Mallory never said much about the things that bothered her while she was a child, and I would not dare to tick her off with any problematic questions that would enrage the Ukrainian Ironbelly inside her. I understand that it is not easy to admit the flaws inherited by our families; mine is almost unspeakable as the sickness in my belly, as ugly as sin. I only knew that she was once a nightingale stripped out of her wing. She compromised with the pain of her early years, which she preferred to transform into ashes so she could easily forget. I admired her ability to lash out, for even though I’d declared myself as pretty much an open book, acting as expressive as I could be, now anger always consumes me more yet rests me in its own limbo. My mind will spit out violence, my body and everything, yet I’ll always be too tired to throw a fit. In my early years, yes, it is true that I was once a fiery lad. I lashed out at everything until I got it all out. But as I’ve stated earlier, I have grown. Time changed me and I have grown to be what I am right now. If anything, I’ve grown more composed.
Forgiving was not her nature. I remember how she’d told me about every little thing she’d do to avenge herself. Not once did it shake me, for I have seen the daunting lady as she was. The little girl I was cautious about was no more fragile than a rose without its thorns; she’s living up to her name. What made her so unmistakably dangerous was her own thorns, the ones she cultivated herself, the ones that hurt yet protected her altogether. I was proud of my girl; I was proud of what she had been, what she had become, what she would be.

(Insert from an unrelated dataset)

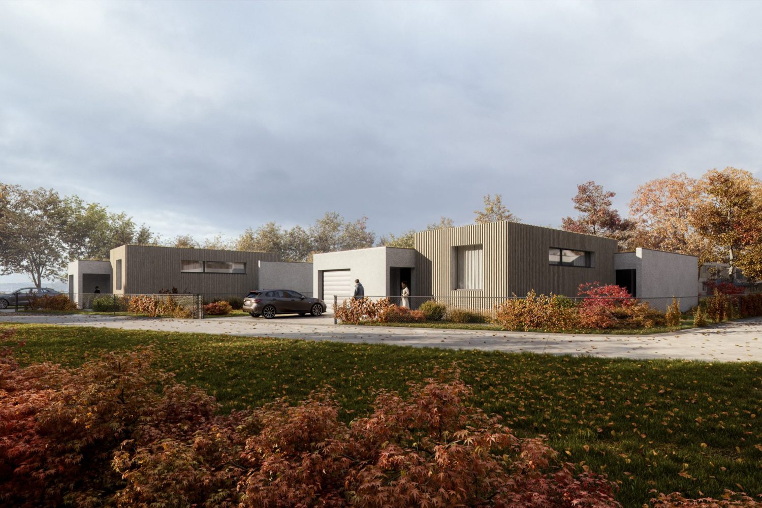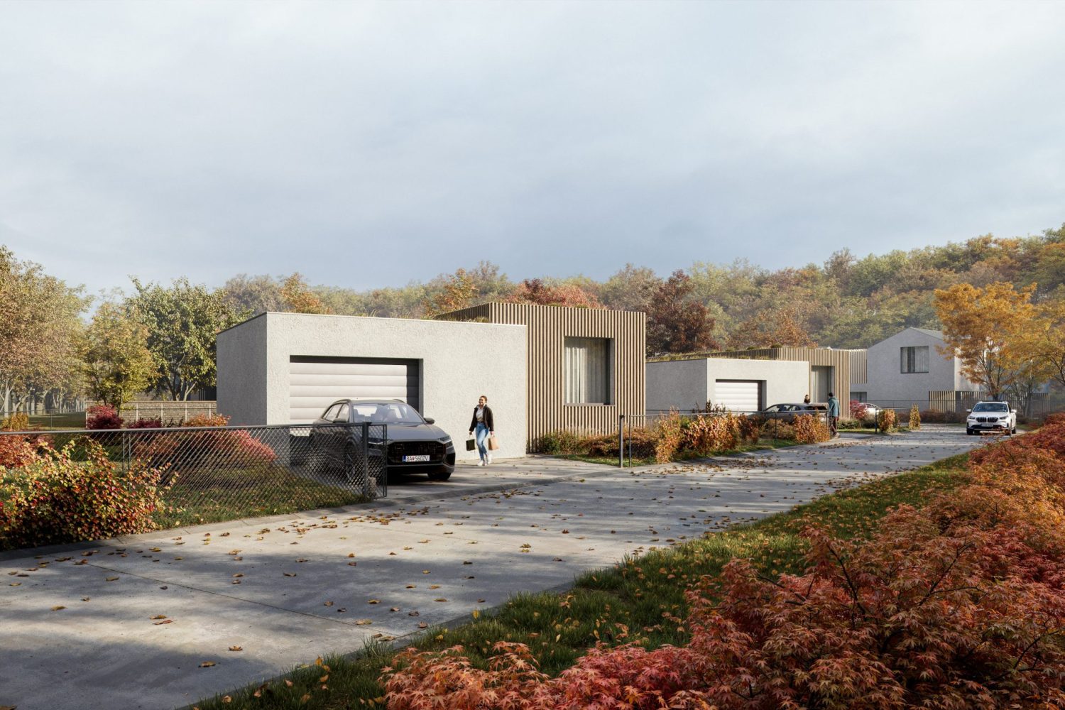 Ku každému bungalovu patria dve vonkajšie parkovacie miesta v rámci pozemku. Bungalov je možné postaviť vo variante s garážou, čo prinesie 3. parkovacie miesto. Základné terénne úpravy, oplotenie pozemkov a chodníky sú taktiež zahrnuté v cene nehnuteľnosti.Lokalita a bezpečnosť:

There were times where nobody believes that a gentleman and a lady could become such intense friends, without any romantic feelings towards each other. I believe that’s true, for I am fond of Mallory; I could never find any word to describe her unromantically. To write her is to conduct a romantic story, as I have been, right to this moment.
I remember her, every tiny bit of her, in my spare times; when my chair is creaking and my roof leaking; when I look down the road as I go home; when things go wrong and I sing a song; when I wave to the old lady in the upper town; when my glasses are tainted with silly finger prints and dust, dampening as I take a sip of my English breakfast; when the postman knocks on my door; when the stairs just won’t stop screaming for repair; when the light goes down and I am on my own, busy with everything and everyone I could only reminisce. I remember her as the ghosty curtain in my chamber, and I cherish her. I’ve always cherished her, for as long as I can remember.